Further, as soon as we recognize the speech signal, we need to understand what kind of question it contains. The problem is that when people communicate, the speech channel of interaction is only one of many. Information is not the most loaded. There are channels of non-verbal communication, there is general knowledge about the world, a context that a person understands, etc. In the absence of additional information, it is almost impossible to understand what this is about. If we take the decryption of texts and try to give them to someone, completely eliminating the context, most likely, even a person will not be able to understand them. Therefore, we are now trying to create analyzers that will efficiently process speech and identify objects and relationships between them — that is, create information models of the message that is contained in the text. And then work is planned to enrich these models with information from other sources.
A.A .: Can you specify? What is the difference between research directions in a completed project and a project that is underway now?
DM: These are interrelated directions. It is impossible to make a qualitative analysis without case studies, because it is necessary to teach the algorithm patterns of recognition of patterns in the text. We did this in the first draft. The second is studying the principles of the formation of objects. The text contains a description of some concepts. These concepts themselves may be more informative than the information that is present about them in the text. Accordingly, it is necessary to contact other databases and knowledge graphs and try to supplement this information from other sources.

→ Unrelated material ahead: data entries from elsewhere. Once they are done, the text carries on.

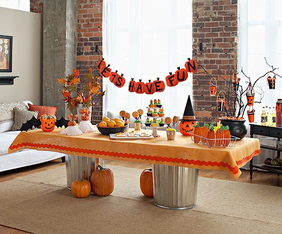 Pasamos a la decoración, y como sabéis en la fiesta no puede faltar el negro y naranja pero también se aceptan colores con mas glamour como el blanco y el oro. Os voy a mostrar unas imágenes para que os inspiréis en decorar vuestro hogar.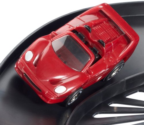 Das Spielset enthält 4 Loopings inklusive Rennwagen. Die Fahrbahnlänge beträgt 6,40 m und die Aufbaumaße sind 125 x 50 cm.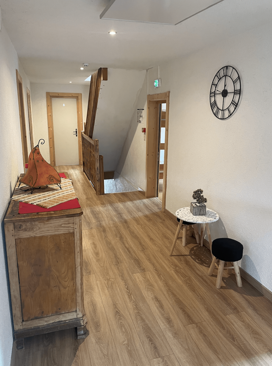 🏡 Le gîte est composé de 13 chambres avec vue montagne pour plus de 40 personnes. C’est une ancienne ferme rénovée en pleine montagne avec un vaste extérieur pour que les jeux extérieurs et les départs en activités pleine nature !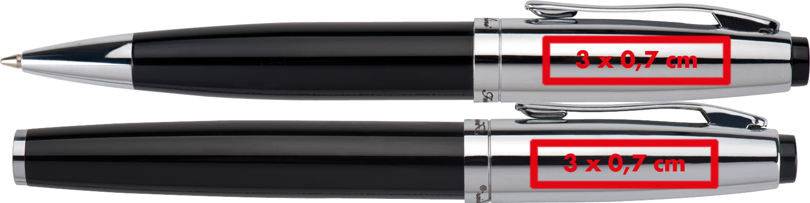 Ferraghini Schreibset aus Metall mit einem Drehkugelschreiber und einem Rollerball (beide blau schreibend) in schwarzer Klappbox.Das Ferraghini Schreibset aus Metall ist eine exquisite Kombination von Eleganz und Funktionalität. Dieses Set beinhaltet einen Drehkugelschreiber und einen Rollerball, beide mit blauer Tinte, präsentiert in einer eleganten schwarzen Klappbox. Um Ihre Marke hervorzuheben, wird Ihr Logo rechts vom Clip auf beiden Schreibgeräten mittels Lasergravur angebracht. Die Laserkosten gelten für beide Schreibgeräte. Produkthighlights: Hochwertiges Metall: Die Schreibgeräte sind aus hochwertigem Metall gefertigt, was ihnen nicht nur ein edles Aussehen verleiht, sondern auch Langlebigkeit und Stabilität garantiert. Kugelschreiber und Rollerball: Das Set umfasst einen Drehkugelschreiber und einen Rollerball, beide mit blauer Tinte, für eine reibungslose Schreiberfahrung. Elegante Klappbox: Die Schreibgeräte werden in einer stilvollen schwarzen Klappbox präsentiert, die nicht nur den Schutz der Stifte gewährleistet, sondern auch eine ansprechende Präsentation ermöglicht. Werbeanbringung: Ihr Logo wird auf beiden Schreibgeräten rechts vom Clip mittels Lasergravur angebracht, um sie zu personalisieren und Ihre Marke subtil in den Mittelpunkt zu stellen.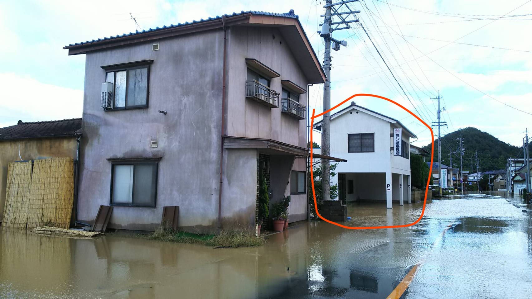 台風19号災害、水が少し引いたところ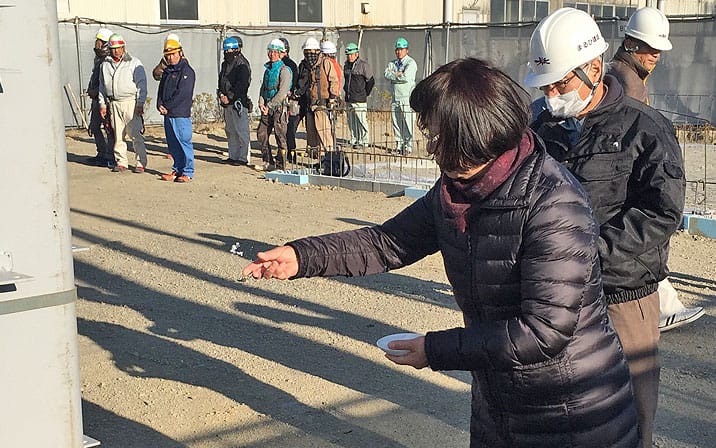 その後清めの儀式を行います。清めの儀式は建物の四方に酒・塩・米をまいて行います。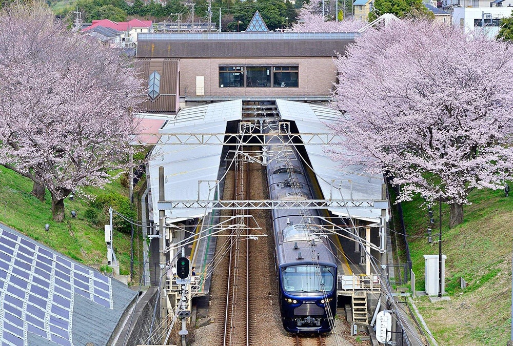また、2017年からは、駅のコンコースで桜をご覧いただける位置にベンチを設置し、お客さまにご好評をいただきました。ライトアップによって夜間の駅の雰囲気も大きく変わり、春限定の電車と桜のコラボレーションが今年も始まります。弥生台駅に是非お越しください。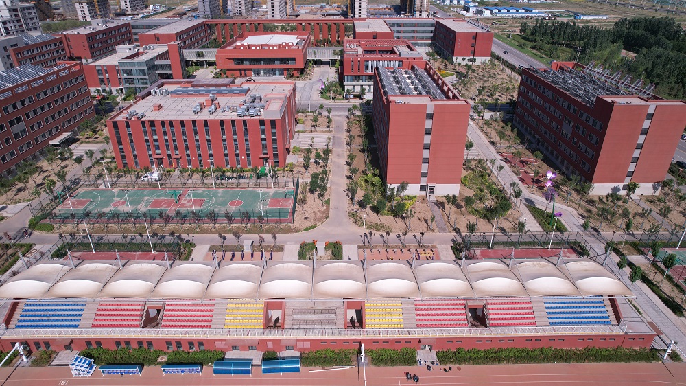規(guī)劃布局以傳統(tǒng)禮教制式結(jié)合中式庭院格式,采用動(dòng)靜分區(qū)過渡的規(guī)劃邏輯,將教學(xué)相長(zhǎng),綜合培養(yǎng)融入其中:建筑風(fēng)格上以學(xué)院風(fēng)為主,采用紅磚,鋼結(jié)構(gòu),玻璃,清水混凝土等材料,形成了現(xiàn)代建筑與工業(yè)風(fēng)相結(jié)合的立面風(fēng)格,體現(xiàn)了烏海的城市特點(diǎn)。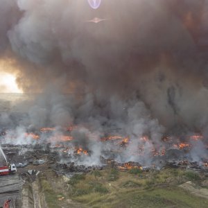 Veliki požar koji je u noći na srijedu buknuo u skladištu plastike osječke tvrtke Drava International gori tijekom cijelog dana, a dimom nošene čestice izgorene plastike došle su i do granice s BiH. Tijekom pokušaja obuzdavanja vatrene stihije, ozlijeđena su tri vatrogasca. Fotoreporter agencije Pixsell Davor Javorović zabilježio je zastrašajuću stihiju.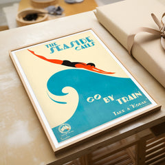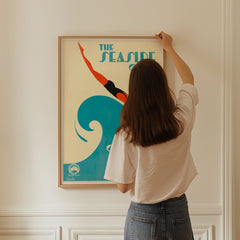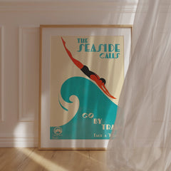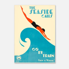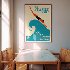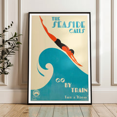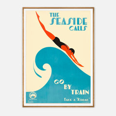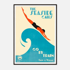 Bring the charm of the 1930s with 'The Seaside Calls' vintage travel poster. This classic art print captures a diver leaping into a vibrant blue ocean wave, encouraging viewers to 'Go by Train.' Perfect for adding a touch of retro elegance to any room, this print is an ideal choice for nostalgic art lovers and coastal decor enthusiasts. The high-quality art print is meticulously crafted on 250 gsm museum-quality paper using top-branded inks. Choose from our sustainable, premium wooden fram...

Suppose a customer calls the help desk and talks about some kind of problem. It may not correctly name the device or process of using the system. The user is not required to have full technical information. The system, when understanding the context, can supplement the data from the user with information from its sources. This greatly simplifies the process of identifying the problem.
The first project was small, carried out in collaboration with the Center for Speech Technology. We proved in it that the combined use of ontology, speech recognition systems and a text parser can lead to the formation of so-called conversational intelligence. We have successfully demonstrated how it works. The next stage is deeper research in each of these areas. In the field of ontological modeling, we no longer worked with speech in general, but with information from the Internet in the field of cultural heritage: how to model it, enrich it, how to make a structured search using this information. In the area of parsing work continues. We achieved quite good results in the quality of text processing.

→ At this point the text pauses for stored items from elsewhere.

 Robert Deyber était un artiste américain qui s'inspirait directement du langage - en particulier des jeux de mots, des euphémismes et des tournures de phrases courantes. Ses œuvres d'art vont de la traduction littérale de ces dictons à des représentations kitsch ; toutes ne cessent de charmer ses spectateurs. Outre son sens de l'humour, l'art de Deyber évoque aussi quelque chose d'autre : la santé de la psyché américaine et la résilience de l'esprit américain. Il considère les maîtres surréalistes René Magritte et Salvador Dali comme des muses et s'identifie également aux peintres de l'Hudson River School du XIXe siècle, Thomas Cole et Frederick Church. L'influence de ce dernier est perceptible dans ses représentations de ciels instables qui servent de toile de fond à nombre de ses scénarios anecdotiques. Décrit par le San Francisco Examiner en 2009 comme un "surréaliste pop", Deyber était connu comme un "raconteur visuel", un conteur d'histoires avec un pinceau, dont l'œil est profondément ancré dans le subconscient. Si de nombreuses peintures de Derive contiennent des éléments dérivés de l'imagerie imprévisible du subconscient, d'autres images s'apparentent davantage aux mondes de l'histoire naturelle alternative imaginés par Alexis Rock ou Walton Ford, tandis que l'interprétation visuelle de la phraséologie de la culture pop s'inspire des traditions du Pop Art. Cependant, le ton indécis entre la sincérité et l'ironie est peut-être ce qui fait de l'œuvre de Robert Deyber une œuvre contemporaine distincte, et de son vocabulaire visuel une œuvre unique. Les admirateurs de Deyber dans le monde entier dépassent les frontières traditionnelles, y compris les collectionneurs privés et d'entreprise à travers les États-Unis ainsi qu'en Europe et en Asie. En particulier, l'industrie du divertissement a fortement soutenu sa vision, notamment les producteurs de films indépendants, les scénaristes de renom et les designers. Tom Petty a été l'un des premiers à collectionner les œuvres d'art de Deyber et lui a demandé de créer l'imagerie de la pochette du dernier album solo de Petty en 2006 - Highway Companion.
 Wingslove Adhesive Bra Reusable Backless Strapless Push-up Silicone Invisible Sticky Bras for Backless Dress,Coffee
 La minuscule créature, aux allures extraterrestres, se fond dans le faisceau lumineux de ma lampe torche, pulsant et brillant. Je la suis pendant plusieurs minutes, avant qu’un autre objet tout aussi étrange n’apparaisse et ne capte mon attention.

The next stage is the combination of these areas and the creation of an enrichment system for data from various sources, including non-textual modalities.

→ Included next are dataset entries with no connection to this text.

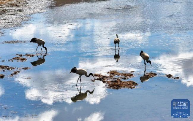 近日,北返迁徙的黑颈鹤在四川省红原县的草原上觅食。这些优雅的鸟类以其独特的姿态和高亢的叫声成为草原上的一道亮丽风景线。3月29日,人们在嘎曲河红原县月亮湾段观察到黑颈鹤正在觅食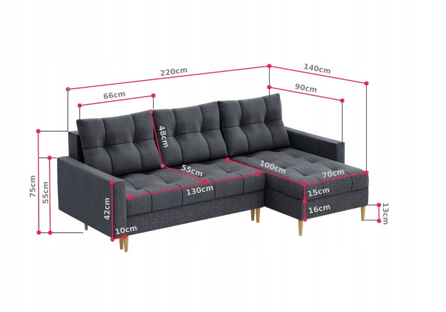 Narożnik skandynawski na nóżkach grafit SCANDO L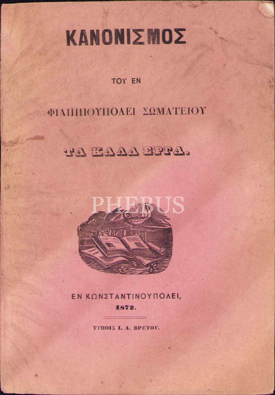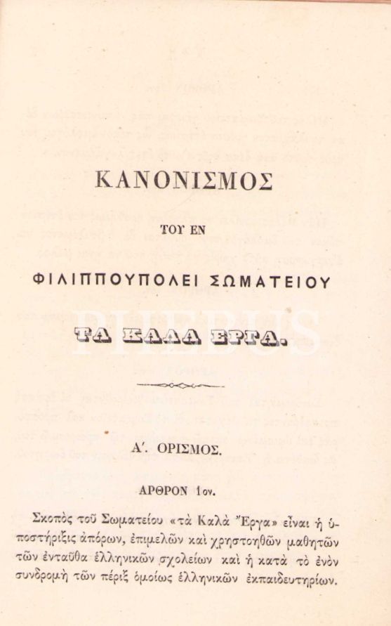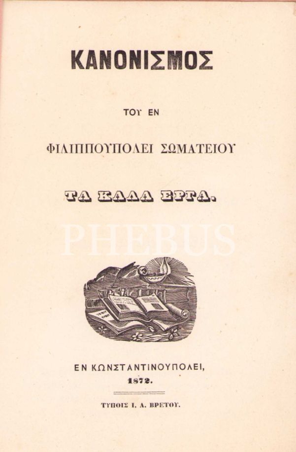 Κανονισμος του εν Φιλιππουπολει Σωματειου "Τα Καλα Εργα"(Filibeli "Ta kala Erga" Birliği Nizamnamesi),I.A. Vretu Matbaası, İstanbul 1872, 8 sayfa, 13x18 cm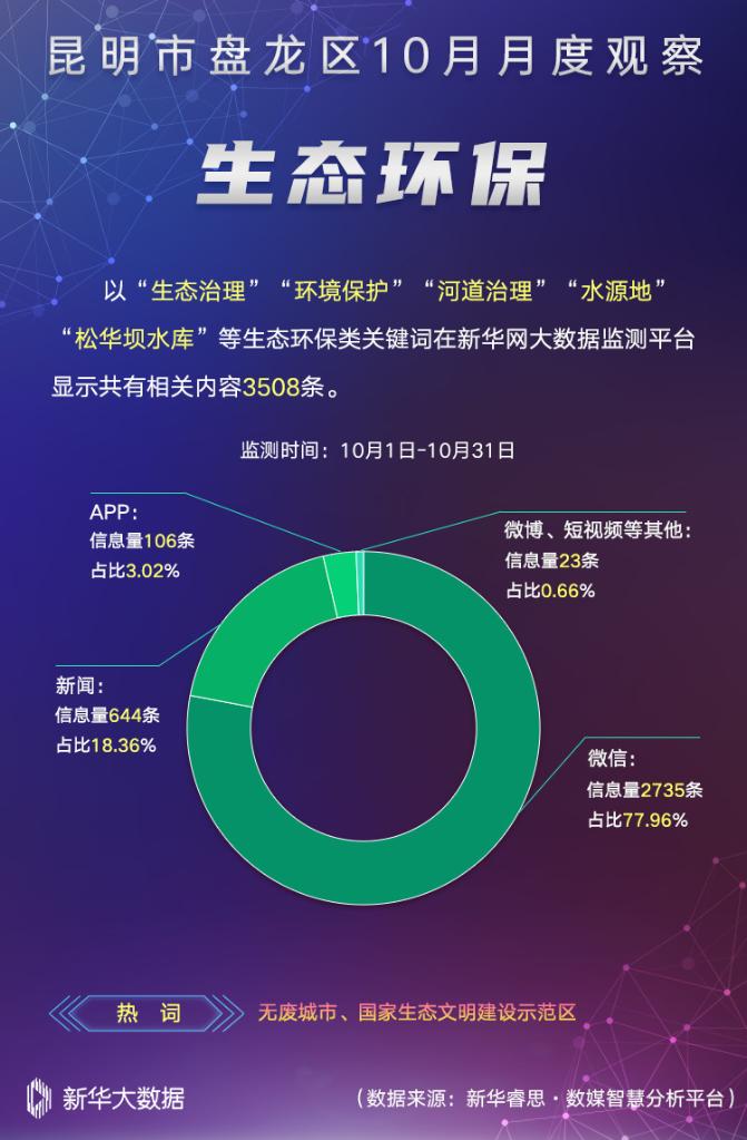 在“生态环保”主题中,以“生态治理”“环境保护”“河道治理”“水源地”“松华坝水库”等关键词在新华网大数据监测平台进行综合搜索、整理、分析、研判,共梳理出有效传播数据内容3508条。其中,无废城市、国家生态文明建设示范区等成为媒体关注热词。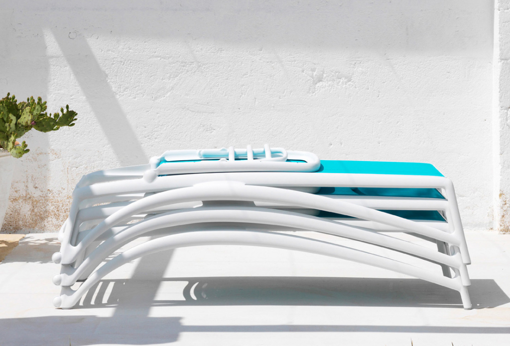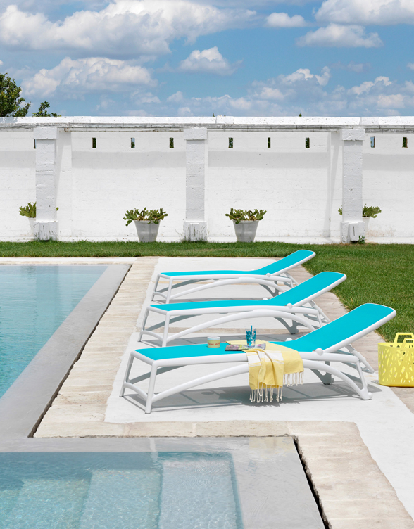 Шезлонг-лежак пластиковый Nardi Atlantico, белый, голубой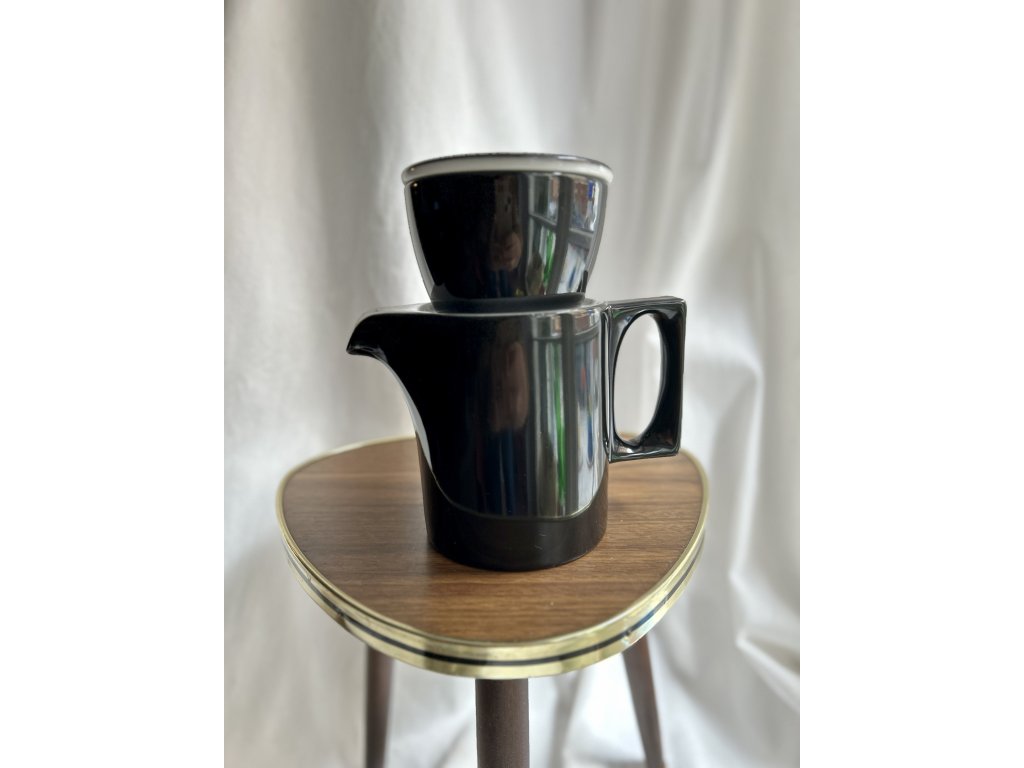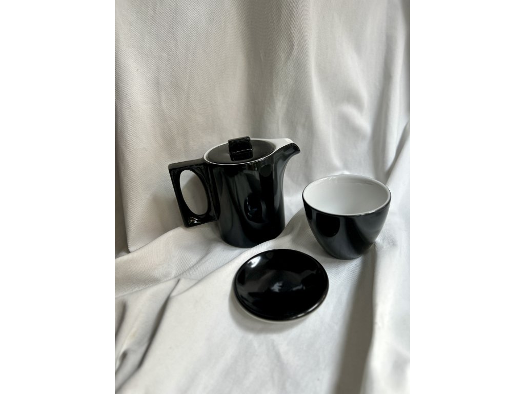Dokonalé oblé tvary a typicky vystouplá ucha od renomované německé porcelánky Walküre evokují bruselský styl se špetkou poválečné moderny a jsou jedním z poznávacích znamení jejich žáruvzdorných a sběrateli oblíbených kousků. Silnostěnný porcelán, vše v top stavu.

AA: Last question: what is the laboratory planning to work on next year?
DM: We have crystallized two directions: the Internet of things and conversational intelligence. The second direction will become dominant. The Internet of Things is a supporting area: the creation of voice and text interfaces (chat bots) for interacting with various devices, robots, information systems.
All this will make the human interaction with information objects more transparent and natural.